Interpretation of allergen results can be tricky. Yr problem is that you have a specific, positive, reported level.

 

For example ex-Neogen handbook -

 

14.  Why are the Alert and Reveal test kits set at 5 ppm and 10 ppm?

Because regulators have not set actual thresholds for allergens, the food industry has taken a
proactive approach of self-governance and chosen these levels. They are relevant by minimizing
risk to the consumer, without going to “zero tolerance” as a threshold
.

15.  What does the term “limit of detection” mean? Is it different than “limit of quantitation”?

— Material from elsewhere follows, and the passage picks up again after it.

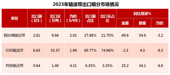 從2023年我國輸送帶產(chǎn)品細(xì)分市場來看,如下表數(shù)據(jù)所示,各類型輸送帶的出口基本保持良好增長。其中,第一大出口類型是紡織輸送帶,占輸送帶出口總額的大約2/3,出口量占比大約3/4,但紡織輸送帶是幾類輸送帶出口產(chǎn)品中均價最低的種類;鋼絲繩輸送帶出口增長幅度最大,不論是出口額還是出口量增速均在50%左右,因此在輸送帶產(chǎn)品細(xì)分市場中的比重有所提升,出口額從2022年的20%左右提升至2023年的近28%,出口量從2022年的16%提升到2023年的20%以上,成為2023整個輸送帶產(chǎn)品出口最大的增長點(diǎn);其他輸送帶類占比最少,但均價最高。

  A test kit’s limit of quantitation (LOQ) refers to the lowest point that its results are quantifiable. As
a general rule, ELISAs identify this as the first non-zero control in that kit, which is the 2.5 ppm
control in Neogen’s test kits. The limit of detection (LOD) is the lowest point at which a result can
be considered above background noise. A LOD is determined as the mean of 10 evaluations of a
known negative sample, plus two standard deviations. However, results greater than the LOD but
less than the LOQ are analytically valid for qualitative purposes only.

16.  should a sample that tests below 5 ppm on an Alert kit be called “negative”?

  No. As indicated above, the 5 ppm level has been established and generally recognized by the food
industry as an indicator of risk associated with testing. However, levels below 5 ppm do not mean
the sample is negative, as levels between the detection limit and 5 ppm may still be allergenic.
More appropriate would be the phrase: “Below limit of detection (BLD).

17.  What are the allergen kits detecting and how is it reported?

  Each specific test kit detects the presence of residue from the allergenic food of concern. Each test
reports the ppm value to the total allergenic food. For example: peanut results are reported as ppm
of total peanut, as opposed to protein only. See Appendix A for specific allergen information. See
Appendix D for converting allergenic food results to protein results.

18.  Are all manufacturers’ food allergen test kits reporting on the same scale?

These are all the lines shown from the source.